King Lear

King Lear UATG 2024University of Adelaide Theatre Guild. Little Theatre. 22 Aug 2024

 

A nice night’s entertainment it never was. It’s nasty.

 

Because of the political frailties and the dangerous madness of current US politics, one feels all the more disturbed, indignant, and incredulous at the grotesque follies of King Lear. His smug regal vanity pits his daughters against each other with an ensuing torrent of violence and hatred which, showing people at their worst, is Shakespeare at his tragedian best. 

 

To make it all the more gruelling, this AUTG production directed by Brant Eustice is set in a quasi-industrial, post-apocalyptic world, its Kate Prescott set looking like an abandoned construction site and its Lisa Lanzi costumes like Mad Max remnants dragged from the recycle bin.

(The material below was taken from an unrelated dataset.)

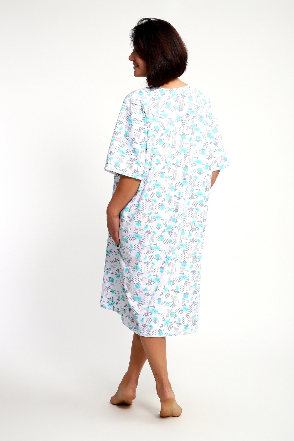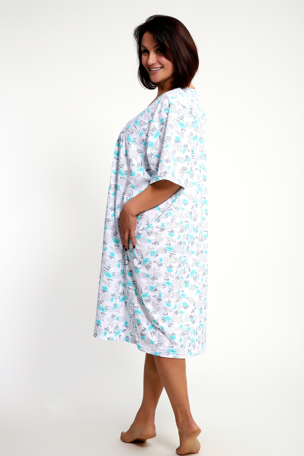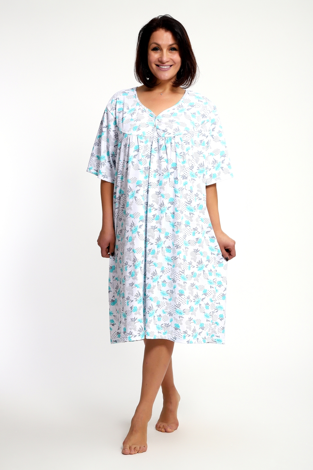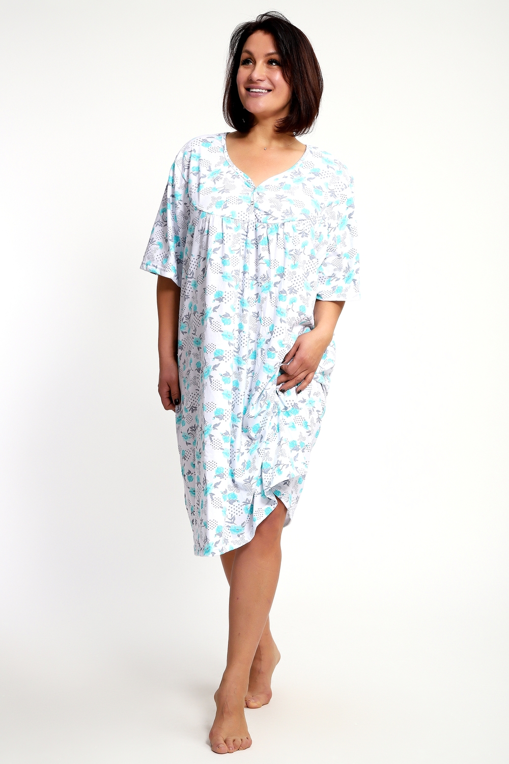 Сорочка женская с рукавом и кнопками. Данная модель выполнена из трикотажного полотна кулирка ( хлопок 100%). У данной модели полоска и спинка отрезная . Свободного покроя, не стесняет движения.

So puzzling are the costumes, with bottle cap adornments and beer can pull-tab jewellery, that they quite draw the attention from the high drama enacted by their wearers. Edmund’s off-the-shoulder number almost one-upped the extremely fine performance of Sean Flierl. And what a fine voice he has. 

 

Of course, it is Michael Eustice’s voice which rules the stage. Clad in grubby, ill-fitting rags, he delivers the might, majesty, and epic madness of the King. If his vocal delivery is masterful, the expressions in his eyes through every nuance of every scene are spellbinding. He “inhabits’ the role. It is a magnificent, deeply satisfying performance.

 

King Lear, with its complexity of rival royals and riven loyalties, accommodates a large and needfully accomplished cast, the likes of which we can see less and less in these economically fraught times. It is from the diligence of AUTG and the other unpaid theatricals that we may expose our young to major classical works such as this. Director Brant Eustice has rallied some fine performers and wrapped this long and torrid drama in snappy timing and lovely character work. Eustice himself, standing in for a sick cast member, is among them, heartbreaking as poor blinded Gloucester and, beside him as his son Edgar, Robert Baulderstone in an eminently creditable and consistent performance. He doubles nicely as the King of France. Rebecca Kemp, shines once more in the role of Lear’s venomous daughter, Regan. Her Shakespearean articulation is perfect. Georgia Stockham playing her evil sister, Goneril, is also articulate but oh, my, the Widow Twankey has nothing on the hapless overkill of her hair and costume. As Cordelia, the king's youngest and favourite daughter, Rhoda Sylvester enchants from her excellent opening scene but is a little lost subsequently. Then there’s the incomparable Geoff Revell. He makes a tasty meal of The Fool, nimble of tongue and toe. The much-respected Sharon Malujlo is oddly miscast as Kent. Not so Tracey Walker as Albany and Tom Tassone as Cornwall. Then there’s Tony Sampson, grinning, mad as Oswald with, in myriad roles, Harry Passehl, Lizzie Zeuner, Mike Leach and Imogen Deller-Evans. It is a strong, hardworking cast, exhausting to watch, and the sword fighting is genuinely scary.

 

Michael Green’s score is quite arresting. It is gently industrial, softly clamorous, original and befitting. Then there’s the storm, perhaps not as overwhelming as in other productions, but the Little Theatre is an intimate space and, as director, Brant Eustice has manipulated the action in such a way that the audience feels truly enveloped. Hence, when it comes to a night of unrelenting Shakespearean cruelty, sorrow, death, and insanity, it is perversely enjoyable.

 

Samela Harris

 

When: 22 to 25 Aug

Where: The Little Theatre

Bookings: Sold Out

 

Editor’s Note: King Lear has unfortunately closed early due to a illness.